Кроме нескольких опорных стен, пыли и кучи оборванных проводов в полиэтилене вокруг меня ничего нет.

Мне достаточно сделать шаг, чтобы мешком упасть вниз и разбиться о сырую курносую землю.

Стройка заморожена, судя по отсутствию каких либо следов на лестничных проёмах – ещё с первой волны кризиса, сторожа на въезде я никогда даже не видел. Случись что неладное – никто тебя не хватится до самой Китайской пасхи.

В последнее время я довольно часто приезжаю сюда, чтобы побыть в тишине наедине с самим собой и собраться с мыслями.

Я стараюсь надышаться прохладным октябрьским ветром, глядя как там внизу, вдалеке, циркулируют словно игрушечные, огни бесчисленных машин.

Клерки торопятся домой к своим семьям. Каждый пытается успеть пораньше, чтобы занять возле дома лучшее парковочное место, поужинать и вперемешку осилить вечерние новости с криминальным обзором за день.

Такой нудный, отупляющий, ничем не примечательный, вечер ждет большинство из этих людей.

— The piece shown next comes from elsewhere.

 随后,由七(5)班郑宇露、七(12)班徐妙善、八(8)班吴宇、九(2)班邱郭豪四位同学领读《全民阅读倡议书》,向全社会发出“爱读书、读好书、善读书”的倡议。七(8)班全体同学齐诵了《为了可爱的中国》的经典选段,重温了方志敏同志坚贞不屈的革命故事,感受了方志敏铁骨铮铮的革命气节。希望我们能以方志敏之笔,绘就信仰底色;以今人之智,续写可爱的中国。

Тысячи из них ещё утром приехали на поездах и электричках сюда в поисках большего. За живыми деньгами, приключениями и авантюрами. Прямо сейчас сотнями они уезжают назад сломленными, разочарованными и ненужными. Но у кого-то всё получилось. Или вот-вот получится, и чтобы этот момент не упустить, выдержки и энтузиазма припасено с запасом.

Я вижу замечательный город.

Гостеприимный, в чем-то неоднозначный, пусть местами жестокий и не прощающий ошибок, мощный, не знающий себе равных бездонный источник больших возможностей для тех, у кого хватит смелости и силы духа.

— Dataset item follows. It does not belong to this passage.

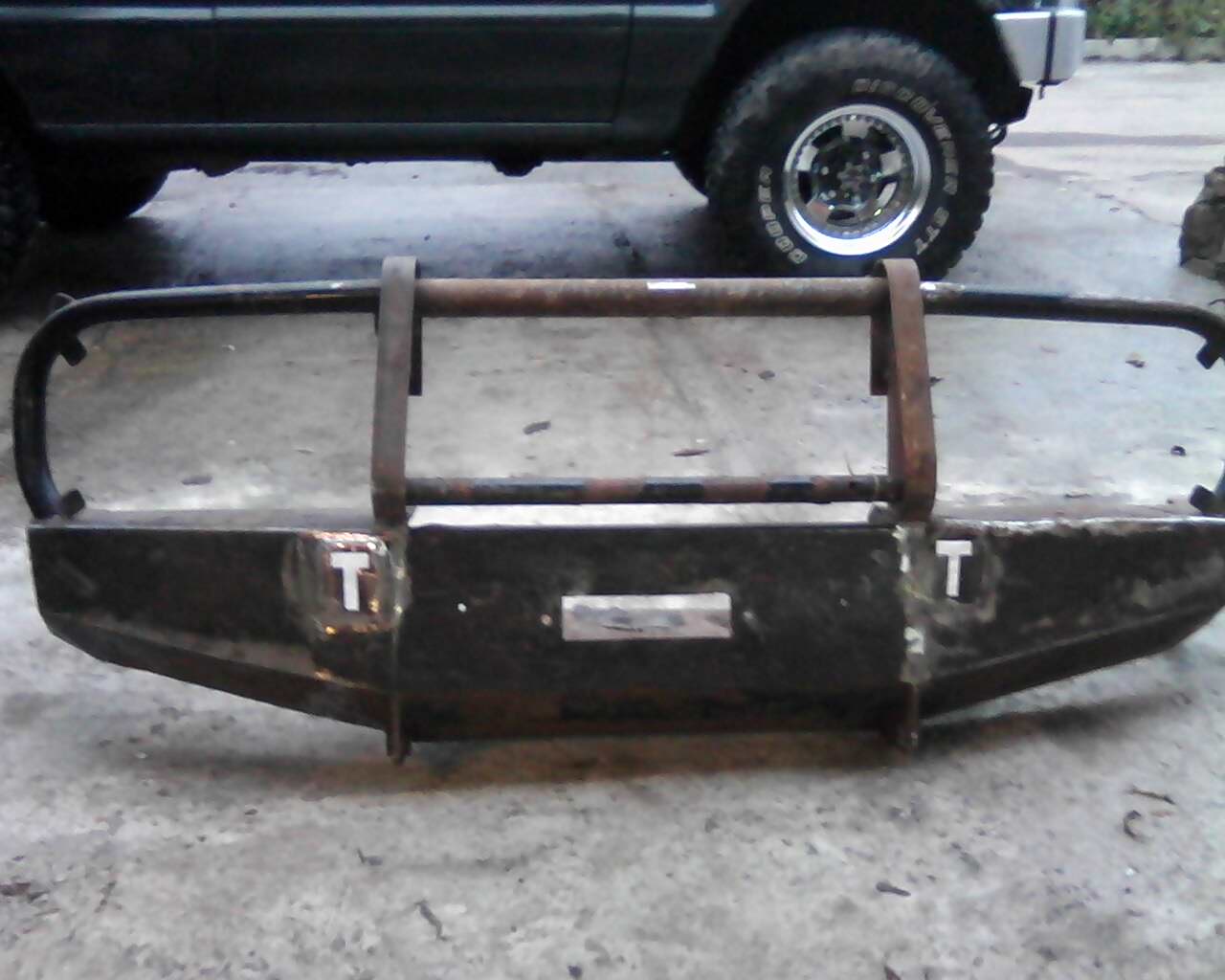вот фото у кого покупал, в описании авто боди 6см, на крепеже бампера есть два ряда отверстий под разные как я понимаю высоты, площадка под лебедку есть, опять же с описания стояла 12000, понравился тем, что лебедка стоит сверху, удобно контролировать процесс использования. на фото видны следы от сварочных работ,метал 3мм пробовали поправить кувалдой не поддался, пришлось вырезать и в варить новые детали у специально обученных спецов. не стал пескоструить и красить, чтоб не поднялась цена, и не вкус и цвет фломастеры твердые.и по опыту владения на уазке рифофского бампера, так впечатление что близнецы.

Ежедневно перед каждым жителем он открывает тысячи шансов и случаев: можно выучить любой иностранный язык, побить олимпийский рекорд, слетать в неизведанный уголок Земли, встретиться с известными людьми, создать инновационный продукт, изобрести лекарство от рака…

Но нет, многим из толпы проще ездить уже проторенными дорогами, жить до самой пенсии в привычной однушке, питаться в одной и той же столовой.

Люди попросту не хотят или не могут мыслить масштабнее и смотреть чуть дальше, чем привыкли.

Я нащупываю подошвой какой-то камень, очевидно слипшийся фрагмент цементного порошка, аккуратно подвожу его носком ботинка к краю плиты и несильно толкаю в "пропасть".

Слегка наклоняюсь, чтобы понаблюдать за ходом падения.

Камень почти сразу исчезает в темноте и спустя несколько секунд доносится звонкий удар о полый металлический предмет, скорее всего – бочку.

Я вспоминаю себя, десятилетие назад, молодого, амбициозного птенца, вырвавшегося из родительской клетки, шаг за шагом падающего и поднимающегося на пути к высоким целям.

Мне встретилось много хороших и сильных людей, которые многому научили и не оставили в трудные минуты. Были и те, кто гадил из всех отверстий, вредя всем задумкам и начинаниям.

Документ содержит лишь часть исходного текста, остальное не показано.